Preserving New England's past

P2347-Archivist-Wilkes-at-work-1964

One of the best things to come from New England's sense of regional identity and all the movements it spawned was the establishment of the New England University College, later the University of New England. Without this, our sense of our own past would have been greatly impoverished.

The photo shows then University Archivist Alan Wilkes in 1964 in search of records.  

In 1947, the Warden of the New England University College (NEUC), Dr Madgwick wrote to the Under Secretary of Justice of NSW stating ‘This was all very silly.’ He was referring to a decision that records located in the Armidale Court House could only be researched by NEUC staff and students at the State Library in Sydney  over 500 kilometres away). Local access to historic records was forbidden.

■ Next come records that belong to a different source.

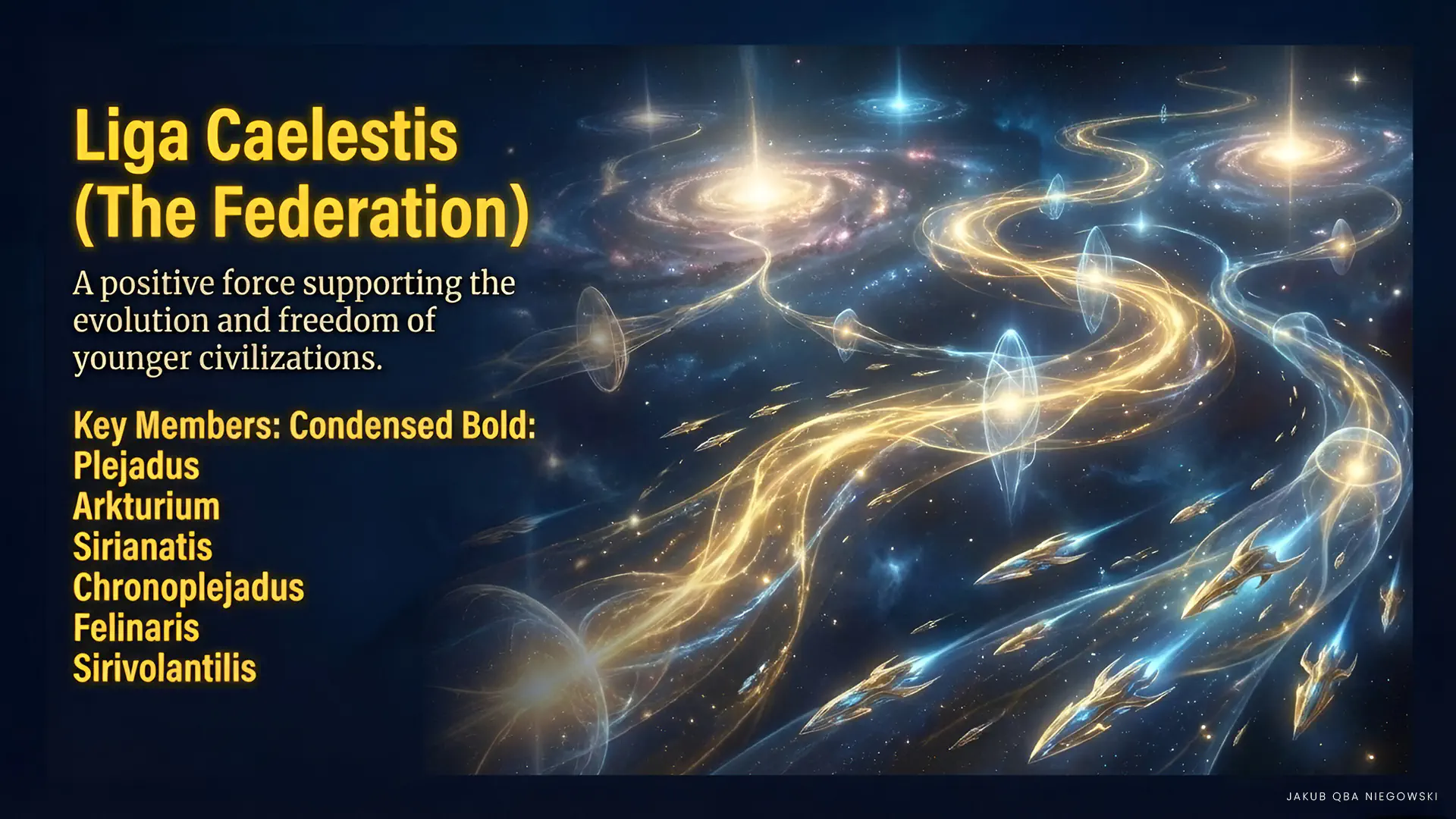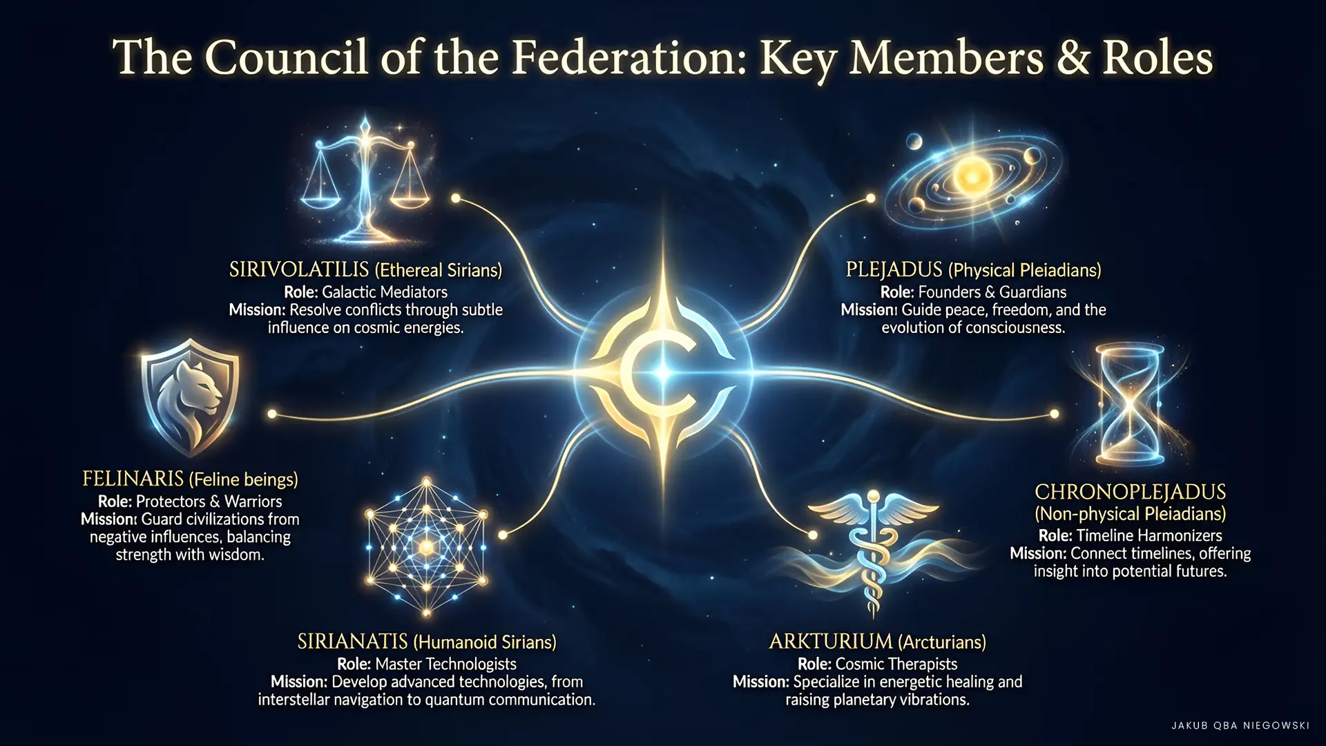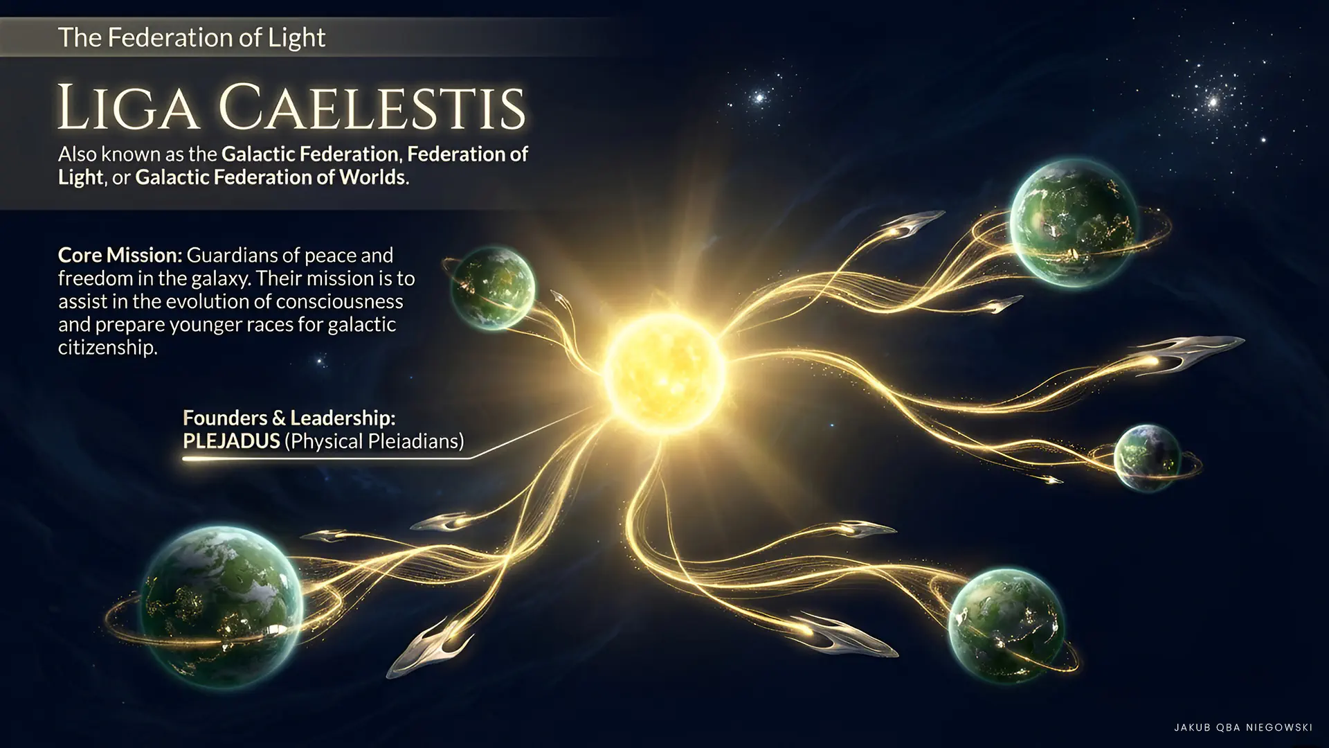• PLEJADUS (Physical Pleiadians) Founders and main leaders of the Federation. They serve as guardians of peace and freedom in the galaxy. They offer support to developing civilizations, including humanity. Their mission is to assist in the evolution of consciousness and prepare younger races for galactic citizenship.
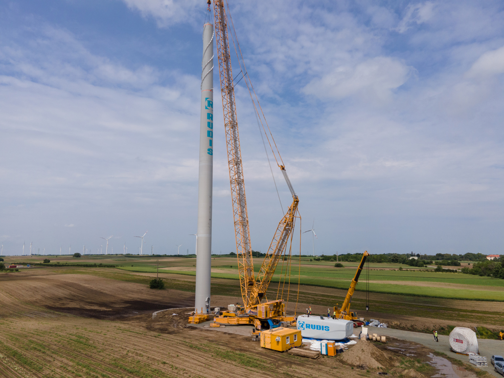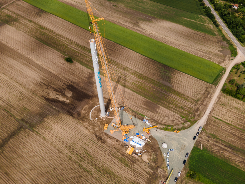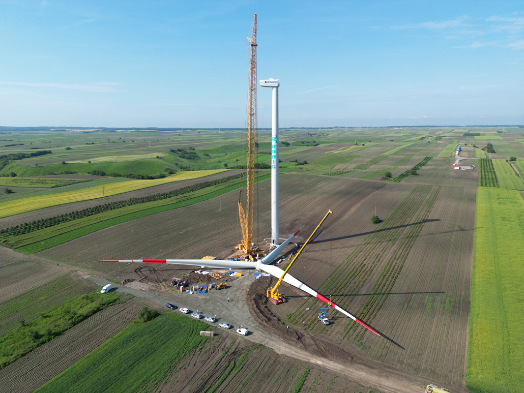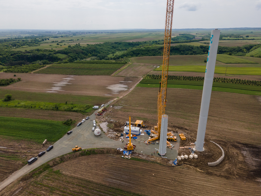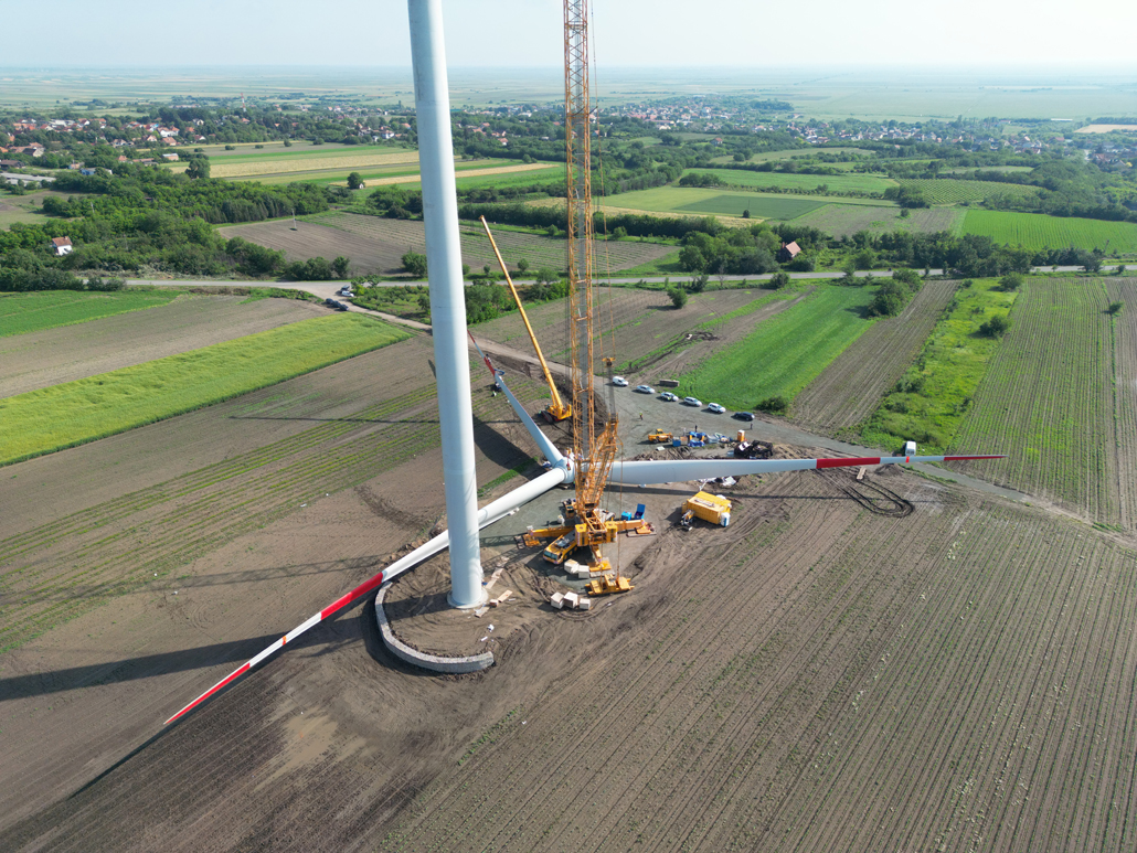 Electricity generation from wind power was still in its infancy in Serbia not long ago. These days, however, more and more people are turning to this sustainable energy source there as well. An increasing number of wind power plants are being planned and implemented – such as the Alibunar wind farm in the province of Vojvodina. Prangl Serbia was commissioned to erect the wind turbines. These are the first wind turbines in Serbia to have been supplied by a Chinese manufacturer. The first wind turbines with outputs of 3.3 megawatts were installed in May and June 2023.
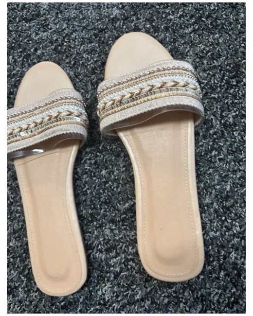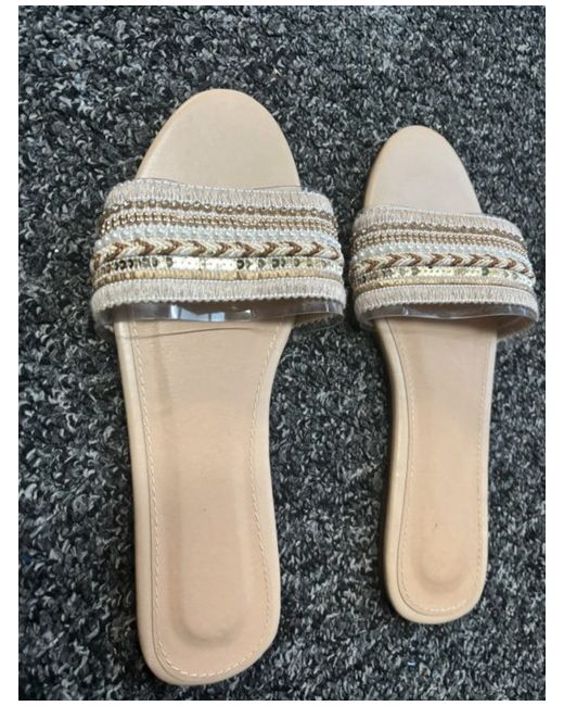 These beige SHEIN flat sandals are crafted with a plastic upper material and a leather insole for comfort. The outsole is made of rubber for durability. The sandals feature a low heel height of 2.5-4.9 cm, making them suitable for everyday wear. With a UK shoe size of 5, these women's flat sandals provide a stylish and practical option for any casual outfit.

That decision was overturned.

In 1960, University Librarian Frank Rogers briefed the first full time UNE archivist R J McDonald in these terms:

Collect all research material likely to be of value in throwing light on the historical, economic and social development of Northern New South Wales from the earliest European settlement until recent times.

Note the reference to European settlement. In fact, 1960 was the year of appointment of Isabel McBryde as the first lecturer in prehistory. Fourteen years later, New England was the best documented region in Australia in regard to Aboriginal pre-history.

Today when New England is so much diminished that even the name has shrunk in popular recognition, our history survives only because of this past work.  

Note on sources

This post is drawn especially from “This is all very silly” : An interesting start to a regional archives.